The reason I ask is I've never seen a maintenance light on a newer Dodge,or any mention of it on my scanner (for resetting it).


----------



## CARDOCTOR (Nov 29, 2002)

wyldman


koeo my 98 ram has that maint. light
plugged in my scanner no info

maybe you can turn it off on a pre obd2 car

i use to do alot of dodge caravans



cardoctor


----------



## wyldman (Jan 18, 2001)

I've seen it on other Chrysler products,but not ona 2G ram pickup.Maybe it a US only emission thing.

I'll see if I can dig through some other stuff and find some more info on it.


----------



## DodgePlow (Aug 29, 2002)

I checked the manual and it said that the light comes on just to remind you that it should be serviced. It doesn't actually mean something is wrong. I just can't stand seeing it anymore. I will try the scan tool to maybe reset it. 
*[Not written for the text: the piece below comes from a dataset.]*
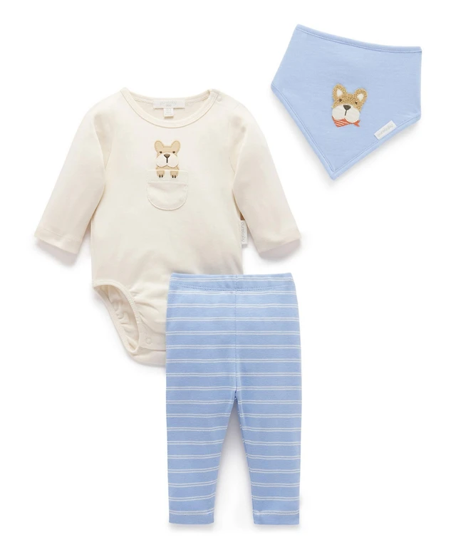 Purebaby Baby Boys Bodysuit, Leggings and Bib 3 Piece Gift Set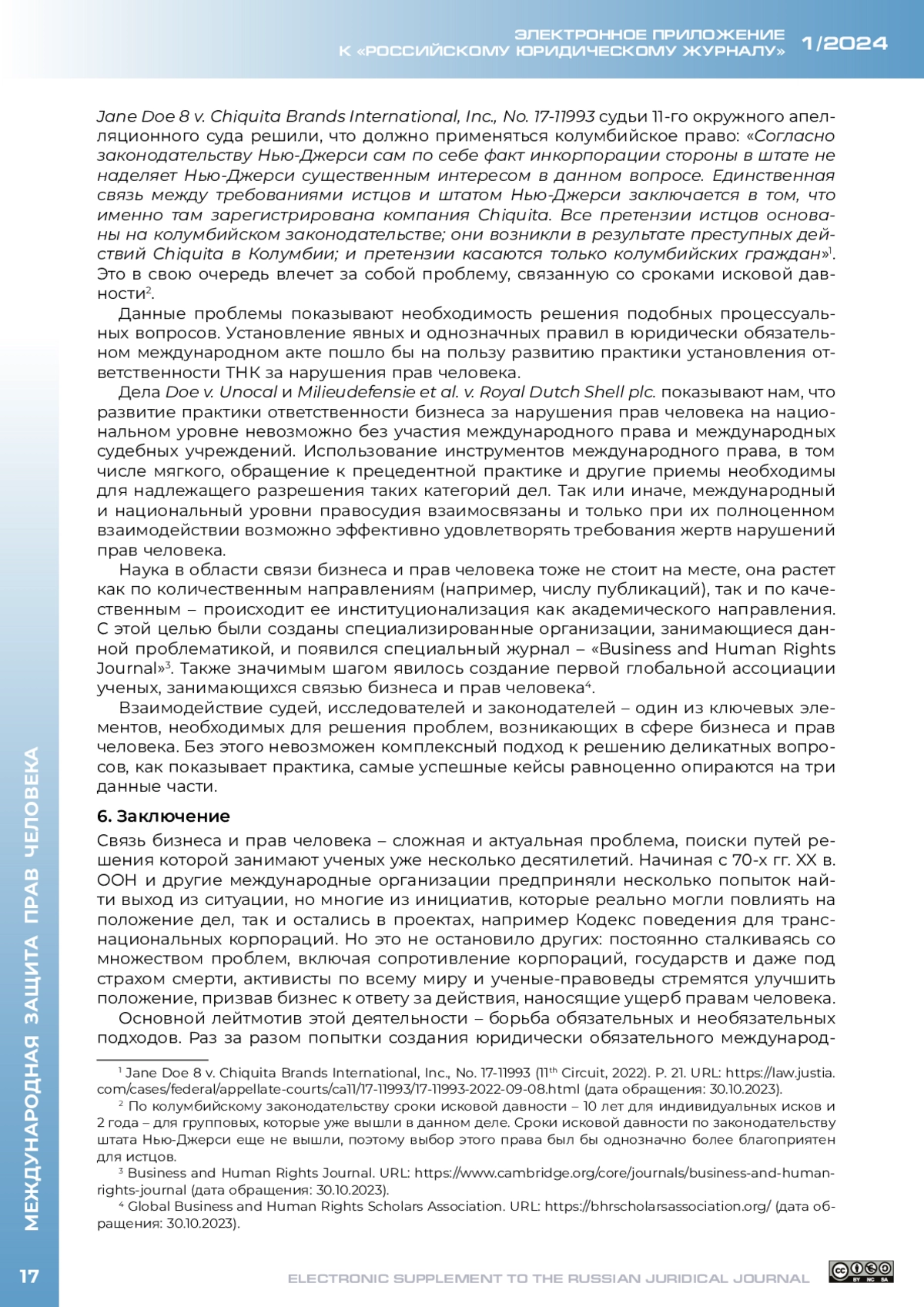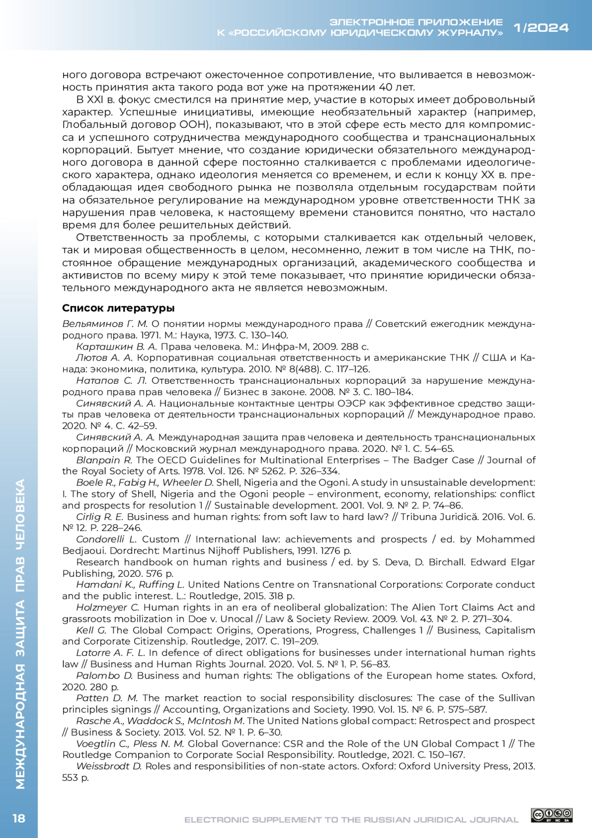 В статье рассматривается развитие института ответственности бизнеса за нарушение прав человека. Отмечается, что защита прав человека являлась одним из основных направлений развития международного права в XX в., что привело в том числе к расширению состава субъектов, которые несут ответственность за соблюдение прав человека. Упоминается деятельность Центра по транснациональным корпорациям ООН, основная задача которого заключалась в разработке Кодекса поведения для ТНК, который предлагал уважать права человека и основные свободы. Дальнейшее развитие института ответственности бизнеса за соблюдение прав человека связывается с принятием Руководящих принципов для многонациональных предприятий ОЭСР, Глобального договора ООН, а также Норм, касающихся ответственности транснациональных корпораций и других предприятий в области прав человека, на основе которых позже предполагалось принять юридически обязательный документ. Деятельность Специального представителя Генерального секретаря по вопросу о правах человека и транснациональных корпорациях и других предприятиях, кульминацией работы которого стала разработка Руководящих принципов предпринимательской деятельности в аспекте прав человека ООН, оказала большое влияние на развитие института ответственности бизнеса за соблюдение прав человека. Среди других ключевых событий можно назвать борьбу народа Огони с корпорацией «Shell», а также создание Принципов Салливана. Деятельность судей в США и Европе и нормотворчество на уровне ЕС также развивает и расширяет ответственность ТНК. Автор подчеркивает ключевую тенденцию нормотворчества в сфере ответственности бизнеса за нарушение прав человека - борьбу юридически обязательных и необязательных подходов, которая каждый раз приводит к отказу от принятия юридически обязательного международного акта в данной сфере.

Thanks for all the replies and help !!


----------



## Plow Dak (Jan 14, 2003)

You need a scan tool to reset.
Each tool and menu is different.
In the Chrysler DrbIII it's in the Adjustment menu.
i can't tell you where to find it on a snap on or other.
Usually it's in the same menu as Resetting things like tps and ais.
You need a scan tool. disconnecting the battery has never worked for that lamp as far as my experience goes..It stays in memory.
If it was right in front of me it would take about 30 seconds.
You are suppose to check over certain things and in some cases replace parts before the lamp is shut off.


----------